[WORK INSTRUCTION]
All lines below between the line with "Các mặt hàng" and the line with "이 같은 사실관계로 피해자는", including both, must be copied exactly, and the pictures must be omitted.
*** SUPPLIED DATA ***
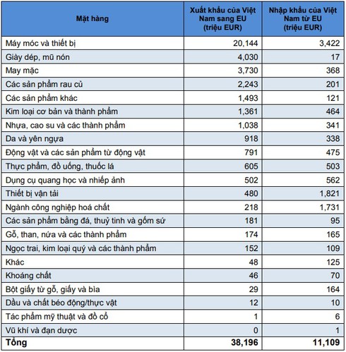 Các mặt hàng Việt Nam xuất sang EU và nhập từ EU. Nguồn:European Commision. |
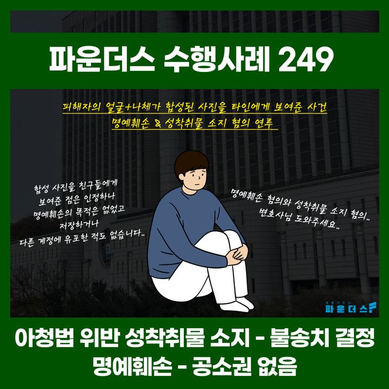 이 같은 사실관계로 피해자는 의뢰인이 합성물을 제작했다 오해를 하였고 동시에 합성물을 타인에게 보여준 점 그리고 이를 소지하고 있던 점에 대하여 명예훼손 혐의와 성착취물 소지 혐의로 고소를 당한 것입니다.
***
*** SUPPLIED DATA ***
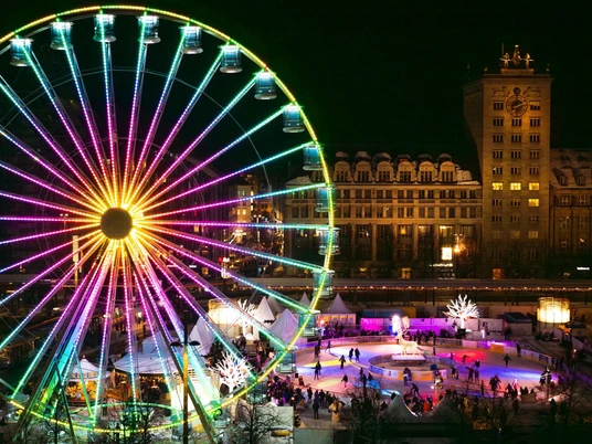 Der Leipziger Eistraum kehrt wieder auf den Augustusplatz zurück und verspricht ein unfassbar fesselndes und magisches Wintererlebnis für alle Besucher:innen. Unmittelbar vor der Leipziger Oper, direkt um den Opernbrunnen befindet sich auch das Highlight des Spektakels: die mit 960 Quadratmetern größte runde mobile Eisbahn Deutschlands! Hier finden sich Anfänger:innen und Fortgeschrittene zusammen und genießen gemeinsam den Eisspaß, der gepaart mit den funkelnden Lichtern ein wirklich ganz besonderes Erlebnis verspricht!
***
[EXERCISE OUTPUT]
 Các mặt hàng Việt Nam xuất sang EU và nhập từ EU. Nguồn:European Commision. |
 이 같은 사실관계로 피해자는 의뢰인이 합성물을 제작했다 오해를 하였고 동시에 합성물을 타인에게 보여준 점 그리고 이를 소지하고 있던 점에 대하여 명예훼손 혐의와 성착취물 소지 혐의로 고소를 당한 것입니다.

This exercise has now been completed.